Альберт завыл. Завыл, как животное, ударился головой о холодильник. Внутри что-то посыпалось, покатилось и пролилось.
— А ведь нет никакого ребенка. Эта сучка все выдумала. Нашла Лилю, подкараулила, подловила, рассказала, что хотела. А потом не выдержала. Пришла ко мне, плакала, винилась. Кто она? Зачем она вообще была нужна? Я не помню ее. Ни запаха, ни лица, ни голоса, вообще ничего. Зачем она появилась? Чтобы все сломать и испортить? Чтобы меня проверить? Но меня не надо было проверять. Я и был предателем. Для меня измена ничего не значила. И что вышло…
Его голос сорвался в крик.
— Егор!

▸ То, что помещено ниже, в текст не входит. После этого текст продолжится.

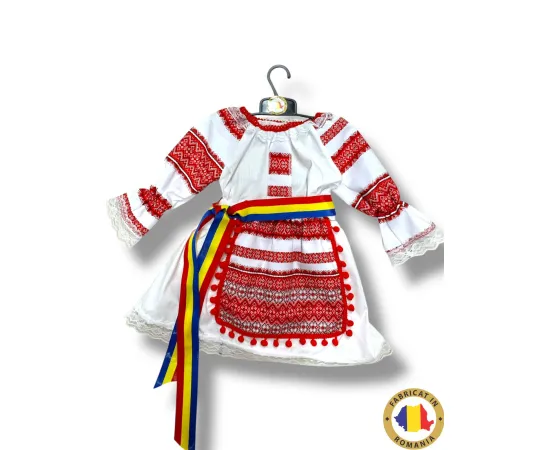 Această rochiță nu este doar un articol vestimentar, ci o expresie a identității și a valorilor românești, perfectă pentru cei care doresc să poarte cu mândrie un simbol al tradiției noastre.

Она ушла. Ушла. Ничего не сказала. Ни слова. Нет ее. И ничего нет. Нет мира, который она надышала. Который я ненавидел, частью которого я сам был. Куда мне теперь? Кто я без нее? Без них?
Егор не знал, что делать. Здесь нельзя было ни помочь, ни отвлечь. В этом крике, водке, шпротах, пепле и слезах не было никакого величия. Человек бился и корчился в грязных схватках то ли рождения, то ли умирания. И больше не оставалось времени, и лица сидевших на той кухне казались полустертыми. Не было ни начала, ни конца тому разговору. Он вообще никогда не прерывался, он длился вечность по всем темным и пустым углам человеческих жизней.
Он сделал усилие, заставил себя подойти к другу, вынуть из рук стакан, вывести с кухни. Надо было проводить до кровати, уложить. Сесть рядом.
В коридоре Альберт вырвался, метнулся в сторону, ударился в стену, с грохотом упала их с Лилей фотография под стеклом. Стекло разбилось.
— Они ведьмы, — Альберт тяжело дышал перегаром, и его глаза были безумны. — Берегись. Слышишь. Спасайся. Они ведьмы. Они все знают. Самые глупые из них знают что-то, что нам никогда не понять, сколько бы мы ни пыжились, сколько бы ни вникали. А мы и не пыжимся. Мы кто? Животные. У нас член бежит впереди нас. И совесть легкая и пустая. Мы думаем, что эта жизнь — наша. Что они там что-то пищат, выцарапывают себе свои свободки. Но это так, для отвода глаз. Я тебе говорю. Они давно имеют всех нас с потрохами, со всеми нашими делишками и желаньицами. Они хитрее, чем мы думали. Это они владеют миром и позволяют нам думать, что это мы тут что-то значим. Они всех нас родили, они с нами всеми нянчатся. Пока им не надоест. А если надоест, то нам всем конец. Они сами похоронят нас. Зароют, закопают, плитой без имени придавят сверху. Егор, я тебе говорю, Бог — мстительная баба. Мы все в ее руках, и мы…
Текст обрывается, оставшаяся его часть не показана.